I have decided to go with 22-250 or 243. I'm not sure yet which one, and it wont be until next year. I will need to buy reloading supplies for either caliber, but I have around 1300 small rifle primers and about 250 bullets in 22 cal. I have powder for both calibers, but no brass for either. Decisions, decisions, decisions.....


----------



## Scotty D. (Feb 23, 2012)

I made some good $$ when I sold my AR during the big panic -- made enough to buy 3 weapons!!!

So, I bought an .223 Axis Camo. I put an Accutrigger in it.... Tack-driver for less than $375 ( Accutrigger install included)


----------



## LeadHead (Feb 11, 2012)

Scotty, what was involved in installing an Accu-trigger? Supposedly they're not compatible with an Axis, but we all know rules are made to be broken.


----------



## Scotty D. (Feb 23, 2012)

It was basic... I skinned down the protrusions on both sides of the Accutrigger & viola!!! I used a mill, but a grinder or Dremel would work...Took about 5 minutes...

I also milled .100" off of the back (where the trigger pull adjustment screw is located).. This allows lighter pull settings.. Not necessary for installation, though... Mine is set @ 1lb 14oz... :smile:


----------



## Rediculous (Oct 16, 2013)

The only problem I have with an AR vs a bolt .223 is barrel ability. Alot of people think that all bolt rifles in whatever caliber are much more accurate than thier AR platform counterpart. This is because most AR's that the average joe buys are the "cheaper" models with 1-9 twist barrels that are moly or have low machine tolerances. I have found that a good barreled 1-8 or 1-7 twist AR in 5.56 .223 can be and is as accurate as the best bolt guns out there. Price for these is not bad if you can throw one together at home (really not that difficult) around $700 for w/out optics if you shop around. Reason being bolt guns come in 1-12 1-10 twist barrels for the most part and cannot handle the heavy .223 5.56 loads. I run 70 grain barnes tsx's and they are hammers...kill deer, coyotes, pigs, etc. Ranges may be an issue if you live out west but out at 300 yards the barnes 70g tsx is still rolling 1850 fps and thats about the limit for it's expansion.


----------



## Bigdrowdy1 (Jan 29, 2010)

I love my AR's but I love my bolt guns as well.My AR is 6 1/2 lb without scope. I don't carry them assault 30 round clips as they add weight I prefer the 10 round mags. If I do my part I only need a few to do most shooting.

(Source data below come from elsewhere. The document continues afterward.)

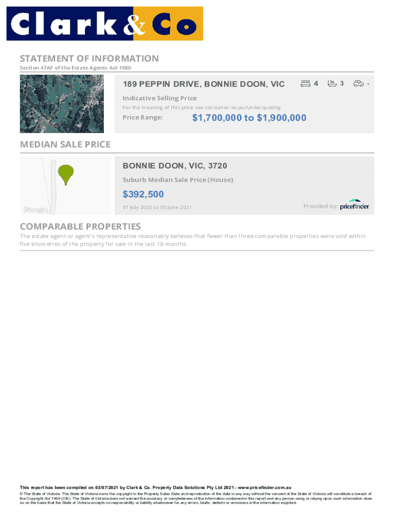 STATEMENT OF INFORMATION Section 47AF of the Estate Agents Act 19804189 PIPPIN DRIVE, BONNIE DOWN, VIC3Indicative Selling Price For the meaning of this price see consumer.vic.au/underquotingPrice
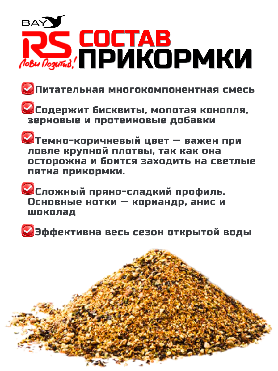 Специализированная прикормка для ловли плотвы. Отличается слабой клейкостью и высокой активностью частиц в воде. Ввиду этого рекомендуется применять прикормку в водоемах без течения и в неглубоких местах. В своем составе прикормка RS Плотва Спорт содержит около 5 процентов крупной фракции, представленной двумя видами бисквита и небольшим количеством дробленой кукурузы. Благодаря чему прикормка не насыщает рыбу, заставляя её быстрее реагировать на вашу наживку. В состав прикормки внесен комплекс аминокислот и протеин, рыба чувствует питательность, как результат – держится на точке, но не может насытиться. Имеет нейтральный сладкий запах и коричневый цвет.
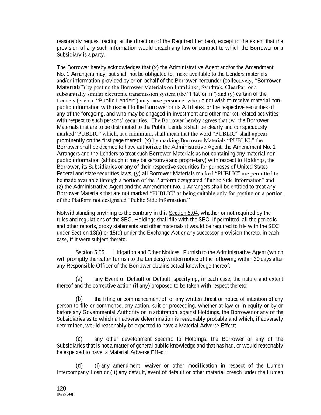 120 [[6727544]] reasonably request (acting at the direction of the Required Lenders), except to the extent that the provision of any such information would breach any law or contract to which the Borrower or a Subsidiary is a party. The Borrower hereby acknowledges that (x) the Administrative Agent and/or the Amendment No. 1 Arrangers may, but shall not be obligated to, make available to the Lenders materials and/or information provided by or on behalf of the Borrower hereunder (collectively, “Borrower Materials”) by posting the Borrower Materials on IntraLinks, Syndtrak, ClearPar, or a substantially similar electronic transmission system (the “Platform”) and (y) certain of the Lenders (each, a “Public Lender”) may have personnel who do not wish to receive material non- public information with respect to the Borrower or its Affiliates, or the respective securities of any of the foregoing, and who may be engaged in investment and other market-related activities with respect to such persons’ securities. The Borrower hereby agrees that (w) the Borrower Materials that are to be distributed to the Public Lenders shall be clearly and conspicuously marked “PUBLIC” which, at a minimum, shall mean that the word “PUBLIC” shall appear prominently on the first page thereof, (x) by marking Borrower Materials “PUBLIC,” the Borrower shall be deemed to have authorized the Administrative Agent, the Amendment No. 1 Arrangers and the Lenders to treat such Borrower Materials as not containing any material non- public information (although it may be sensitive and proprietary) with respect to Holdings, the Borrower, its Subsidiaries or any of their respective securities for purposes of United States Federal and state securities laws, (y) all Borrower Materials marked “PUBLIC” are permitted to be made available through a portion of the Platform designated “Public Side Information” and (z) the Administrative Agent and the Amendment No. 1 Arrangers shall be entitled to treat any Borrower Materials that are not marked “PUBLIC” as being suitable only for posting on a portion of the Platform not designated “Public Side Information.” Notwithstanding anything to the contrary in this Section 5.04, whether or not required by the rules and regulations of the SEC, Holdings shall file with the SEC, if permitted, all the periodic and other reports, proxy statements and other materials it would be required to file with the SEC under Section 13(a) or 15(d) under the Exchange Act or any successor provision thereto, in each case, if it were subject thereto. Section 5.05. Litigation and Other Notices. Furnish to the Administrative Agent (which will promptly thereafter furnish to the Lenders) written notice of the following within 30 days after any Responsible Officer of the Borrower obtains actual knowledge thereof: (a) any Event of Default or Default, specifying, in each case, the nature and extent thereof and the corrective action (if any) proposed to be taken with respect thereto; (b) the filing or commencement of, or any written threat or notice of intention of any person to file or commence, any action, suit or proceeding, whether at law or in equity or by or before any Governmental Authority or in arbitration, against Holdings, the Borrower or any of the Subsidiaries as to which an adverse determination is reasonably probable and which, if adversely determined, would reasonably be expected to have a Material Adverse Effect; (c) any other development specific to Holdings, the Borrower or any of the Subsidiaries that is not a matter of general public knowledge and that has had, or would reasonably be expected to have, a Material Adverse Effect; (d) (i) any amendment, waiver or other modification in respect of the Lumen Intercompany Loan or (ii) any default, event of default or other material breach under the Lumen
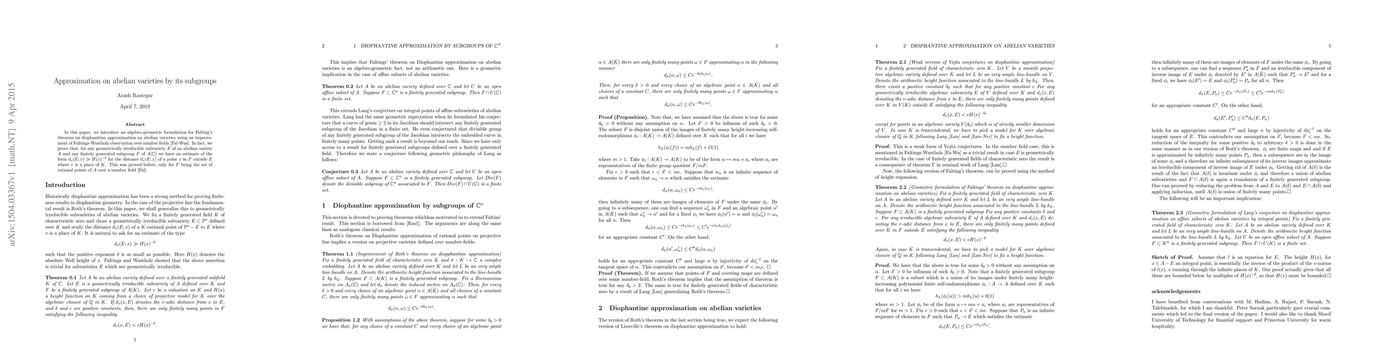 Researchers prove that geometrically irreducible sub-varieties of abelian varieties have an estimate for distance from points in finitely generated subgroups, improving earlier results only for rational points over number fields.
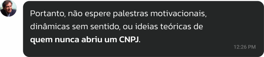 É um dia de imersão presencial, com foco prático e interativo. Não há palestras motivacionais ou dinâmicas sem aplicação prática.

The bench bipod is for picture purposes only. i carry sticks in the field.

The next pics are of some loads I was working up at 100 yds and the last pic was free handed emptying a clip standing with a fairly fast pace just for S&G's. These are older pics and I have even dial this in more but the rifle hasn't changed. When I head out this is the one I grab. i have bolts in my varmint calibers but this is my companion.

































P.S. please notice this is not the evil brand of AR's


----------



## hassell (Feb 9, 2010)

Some nice shooting there BigD.


----------



## youngdon (Mar 10, 2010)

Nice shooting is Right. Not an evil rifle ? Lol doesn't that fall under the " lipstick on a pig" rule ?


----------